The Federal Trade Commission and Sprint Corporation have entered
into a consent order which resolves the FTC allegations that Sprint violated
the Fair Credit Reporting Act (“FCRA”) and it’s Risk Based Pricing Rule. Without admitting liability, Sprint has
agreed to pay the FTC $2.95 million in civil penalties.
The Complaint alleges that Sprint placed consumers with
lower credit scores into an Account Spending Limit ("ASL") program through which they
were required to pay an additional $7.99 per month. According to the complaint, Sprint used
consumers’ credit scores to ascertain whether they should be subject to the ASL
program. According to the complaint,
Sprint failed to provide adequate and/or timely notification to consumers that
were placed in the ASL Program that they were receiving risk based pricing. As a result, the complaint contends that consumers were not provided notice until it was too late to switch to another service provider.

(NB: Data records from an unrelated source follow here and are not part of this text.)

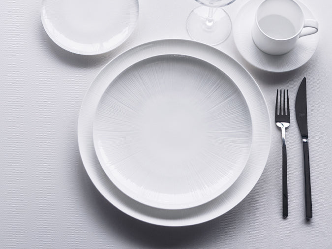 リムのないクープのシェイプはスプーン・フォーク・お箸でも使いやすい形で、お料理のジャンルを問わずお使いいただけます。放射状のレリーフがシャープにお料理を一層引き立て、お料理ビギナーの方にもおすすめのシリーズです。
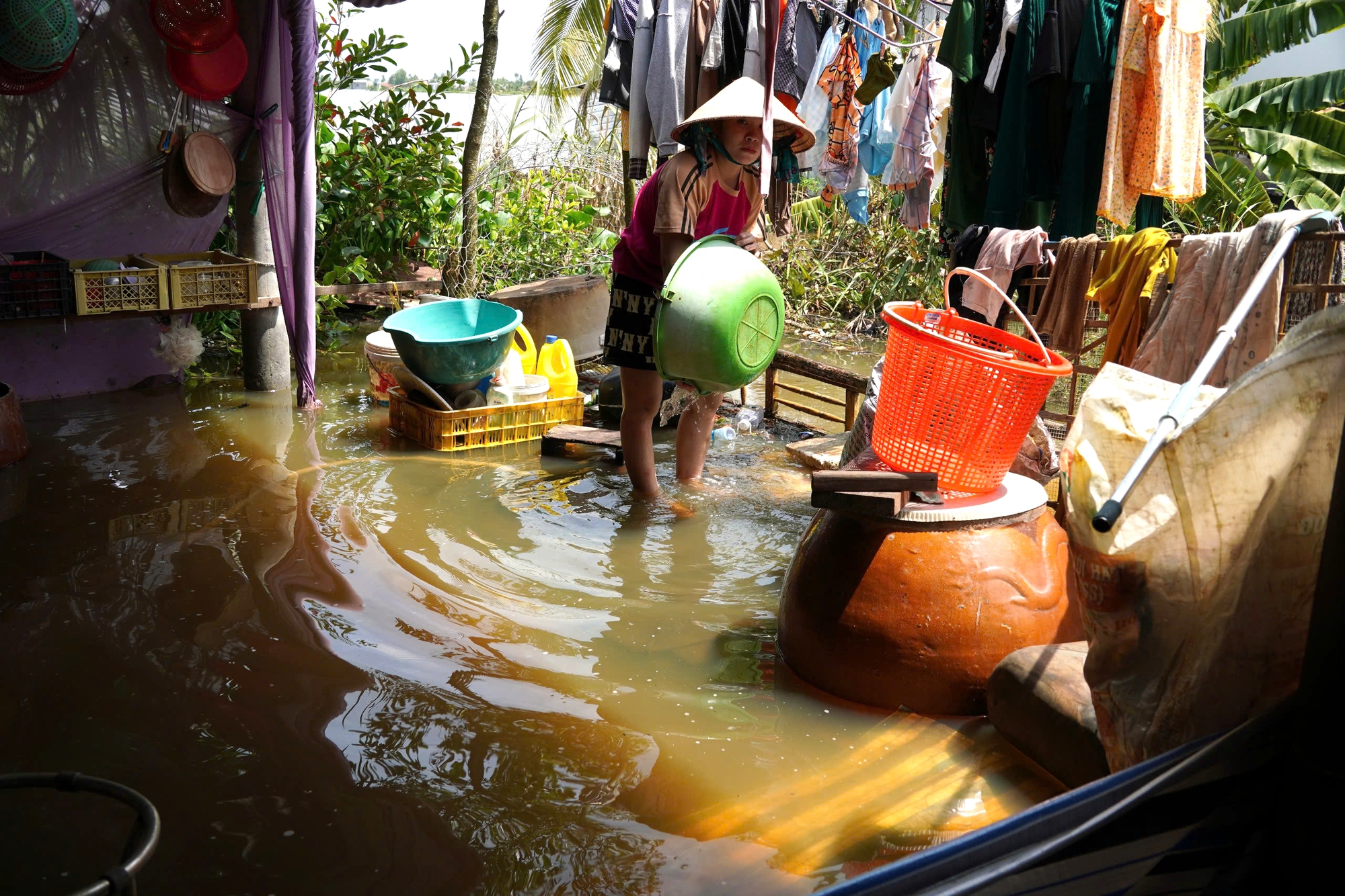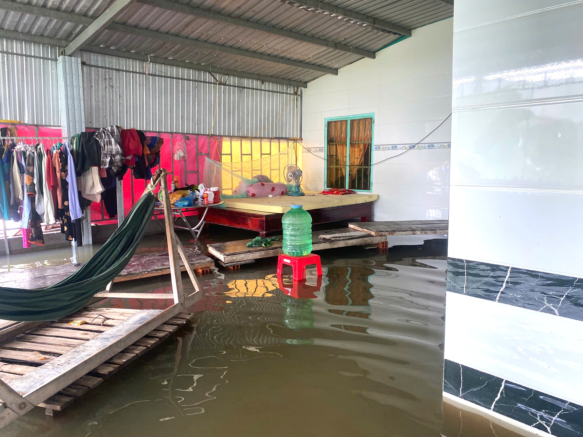 Mọi sinh hoạt từ trong nhà ra ngoài đều trong cảnh "bì bõm" với nước lũ. Ảnh chụp tại một nhà dân ở ấp Cà Dăm, xã Vĩnh Châu - Ảnh: KIM THẠNH
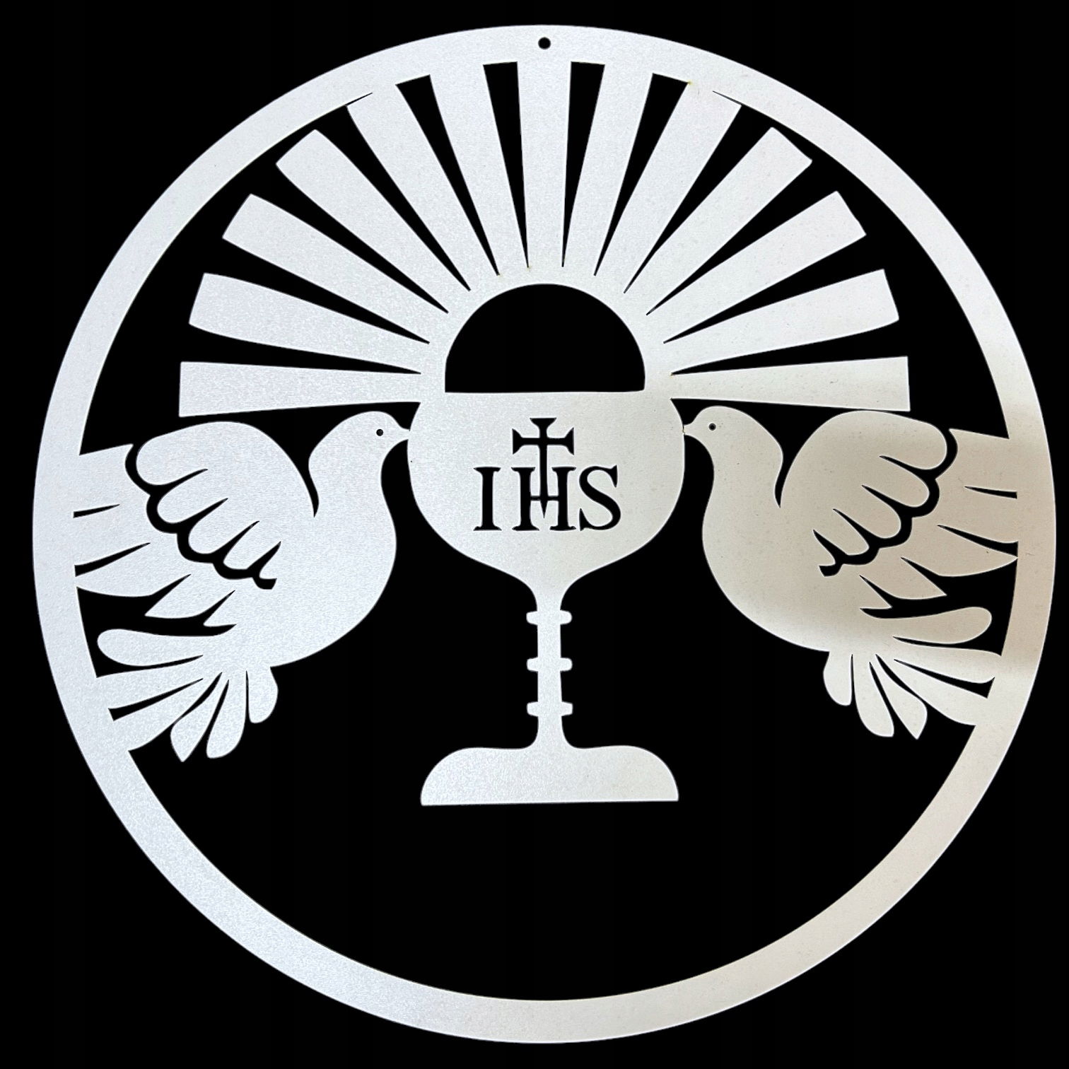 Obręcz napis ozdoba do zawieszenia PIerwsza Komunia Święta gołąbki RP172
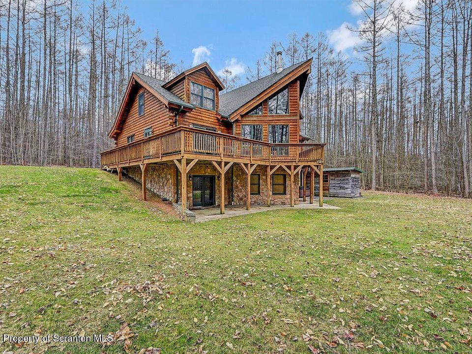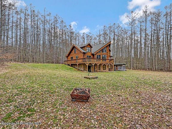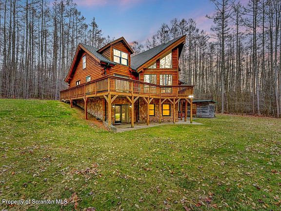 If you are looking for a spectacular vacation home or your forever home, and have your heart set on a log home, don't miss out on this. On a private 6.2 acre parcel, this home has it all. This one of a kind home has 4 bedrooms, 3.5 bathrooms, and a lovely open floor plan with large windows looking out at the woods. Lovely eat in kitchen with all new appliances. Finished basement with bedroom, bathroom and large recreation room. Walk out basement patio doors lead to a lower patio and hot tub. Storage building for lawn equipment. In the winter you can see the lights of Elk Mt., and in the summer enjoy the large deck for entertaining. Enjoy the lovely photos of this house and schedule your appointment soon.
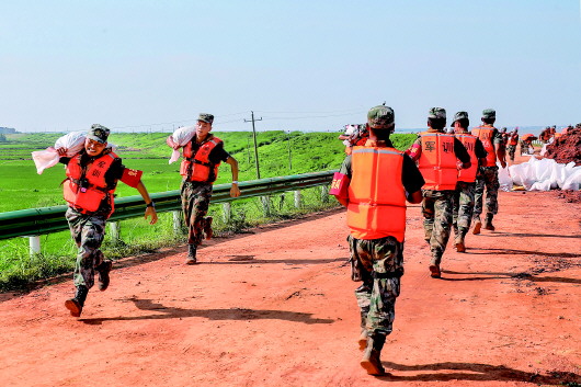 7月13日,江西鄱陽縣珠湖聯圩出現多處管涌,第72集團軍某旅出動200余名官兵趕赴現場封堵管涌。新華社發(張毛攝)
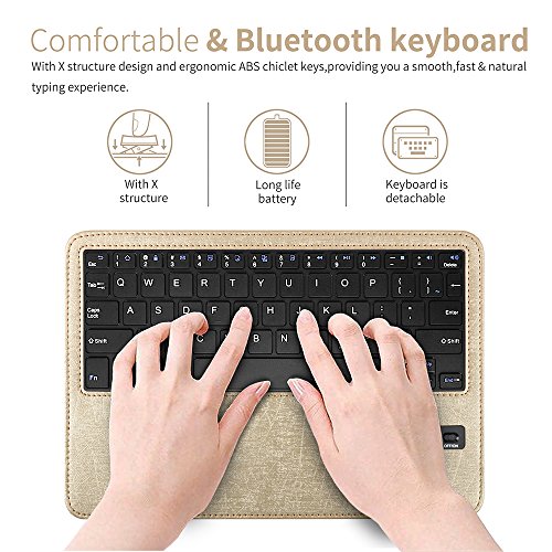 Compact and functional 3-in-1 Combo design: ABS keys removable Bluetooth 3.0 keyboard + protective synthetic leather case+ 360 degree rotation stand
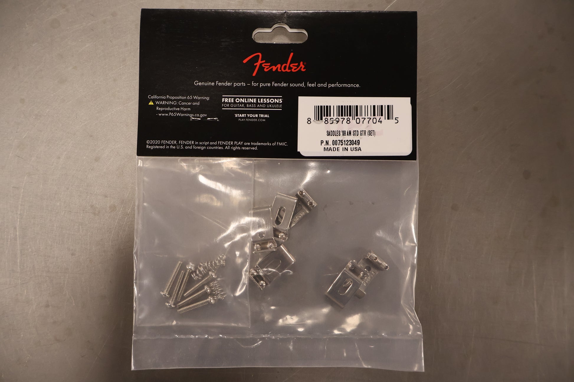 Bridge saddle kit used on 2008 American Standard Stratocaster® made of bent steel with nickel finish. Fender stamped with "FENDER" and include height adjustemnt screws and intonation screws with springs. String spacing: 2 1/16".
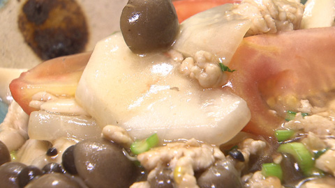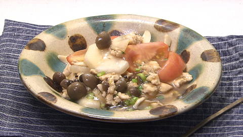 - ひき肉の色が変わってきたらシメジとエリンギ、カブを加えて炒める。
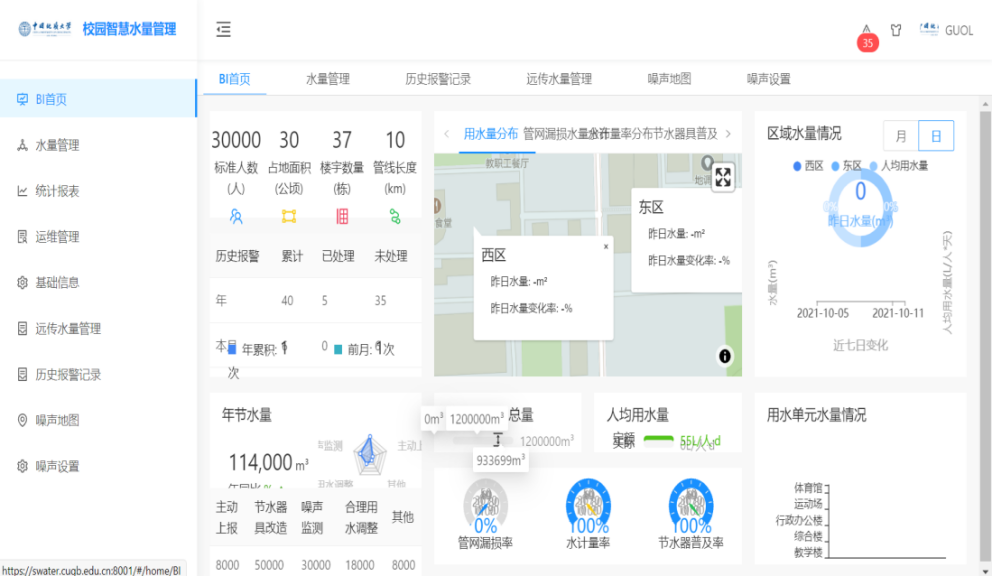 其次對校園管網進行實時在線用水監測、水量平衡管理、流量監控,壓力監控和管網漏損監控;增強高校用水精細化管理能力,通過比對各級水量差值,同時針對性分析評估各級水量自身用水特征和用水屬性的匹配情況,及時發現各級供水管線存在和新增的漏損,支撐日常監測與維護工作,降低生均用水量。項目建成后生均用水量從62m3/a降低至22m3/a,低于水利部高校人均用水定額先進33m3/a。
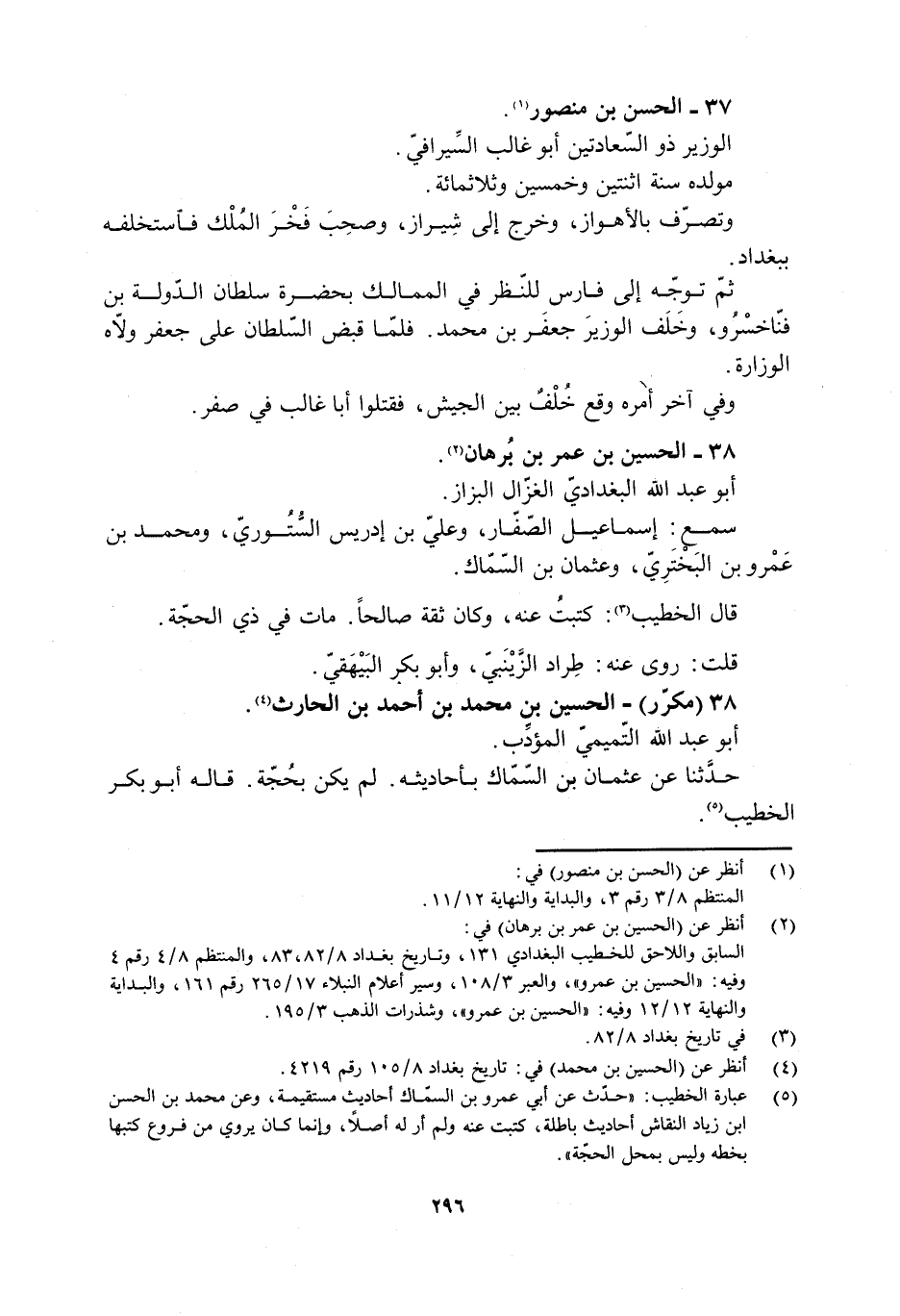 [4] انظر عن (الحسين بن محمد) في: تاريخ بغداد 8/ 105 رقم 4219.

Risk Based Pricing occurs when lenders offer different
interest rates or loan terms to borrowers based on their individual creditworthiness. The Rule requires that notice be provided to
consumers who receive materially less favorable credit terms than a substantial
proportion of consumers based upon their credit score. “Materially less
favorable” can mean a higher APR, but where there is not APR, it can mean other
things, like a deposit required by a telephone company or an annual membership
fee for a credit card. 16 CFR
640.2(o). The Risk Based Pricing Rules
require that notice be provided to consumers affected by Risk Based Pricing.
The Order requires Sprint to send consumers impacted by Risk
Based Pricing notice by the earlier of either five (5) days after the consumer activates
service or a date that give the consumer a reasonable opportunity to avoid
incurring future financial obligations to Sprint. Sprint additionally must provide revised notifications to all consumers who previously received the incomplete notices. The Order further sets forth specifically the
contents required for all Risk Based Pricing Notices moving forward. Beyond the specific remediation and civil
penalty, and as is typical with FTC Orders, Sprint is required to provide
compliance reporting to the FTC at the FTC’s request for ten (10) years.